I even know this about myself.

But this was something that HIT me... I FELT it... maybe I was anxious because it was our first time away together... maybe it was because I wanted them all to get along well and have fun together... this was MY vacation with MY kids, and he asked outright if he could come with us... so this trip was NOT about him... or even a family thing... it was about me and my kids... and I thought that if he wanted to come along and have fun with US... okay... honestly, I was curious to see how he might handle it... he was great.

I asked him once if he was having fun. He said..."it isn't the kind of fun you and I have together, that is for sure. But I am definitely having fun, in a different kind of way."
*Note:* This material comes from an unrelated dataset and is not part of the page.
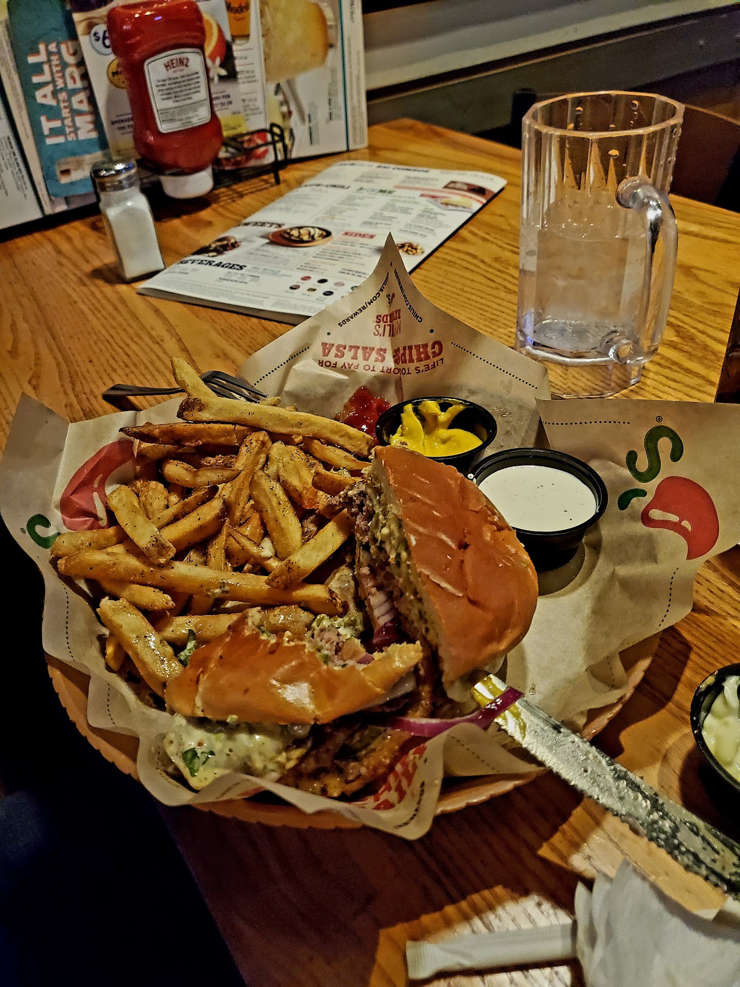 Read moreWhen we arrived there was a note on the door saying that their fryers were down. We decided we would go ahead and have lunch there anyway. It had been a long day on the road and we were hungry. The young man that greeted us asked us if we wanted to sit in the bar area or the restaurant we said we wanted to sit in the restaurant. He said there were no available boots in the restaurant. We could sit in the bar if we wanted a booth. I did see 7 empty booths on the restaurant side. We said fine we would sit in the bar side and he proceeded to see us at a table. Then the waiter hurriedly came over, and took our drink order. He again reiterated that there was nothing available that was fried. We stated that we understood. However, I was a little shocked to find out that any other side we wanted besides french fries was an up charge. I'm thinking as a courtesy to your customers you should offer them almost any side within reason without an up charge since it's not exactly their fault that the fryers were down. We decided that we would have the macaroni and cheese, and the loaded mashed potatoes. The loaded mashed potatoes were literally ice cold. My husband opted to take them home and heat them up however upon hating that they were absolutely flavorless. The burgers were good hence the two star rating. The waiter made us feel very rushed and hurried. It was almost like an "eat it and beat it." We are frequent visitors to the Chili's where we live. But this is one I would...

My kids were my kids. I told them to be on their good behavior, but not to feel uncomfortable.

I have a theory on blended families. And now having been on all three sides of the fence now... I've been a step-kid.... then I was a step-parent (even before I was a parent myself), I've been a parent with a potential 'step' in my and my kids lives... I've even been a step-grandma....

Anyway... this whole 'step' business... is quite the slippery slope. Not that my bf is or will be a step... but the kids automatically 'defer' to him in a fatherly type way... it is REALLY REALLY weird for me to see... and experience.

This is a whole aspect to relationships that is completely NEW for me... and when I get anxious... and I bury my anxiety...gasp... my sex drive goes so far south, I wonder if I've ever had sex in my life. Yet... there are times during that whole experience of anxiety/no sex drive, I look at my bf, sitting in his beach chair, on the water, sipping our drinks, while my kids are out dunking one another in the lake... and his face in the sunset light takes my breath, and I could jump his bones right then and there... my desire hits me so powerfully...

It is an extreme high/extreme low experience for me that I've never encountered before in my life. I can only surmise it is a true combination of FOO anxiety, mother anxiety and true Corri all blended together in one experience... and I'm not sure at all who to let come through... and steer my ship.

So if anyone has thoughts on that... KAREN you out there girl?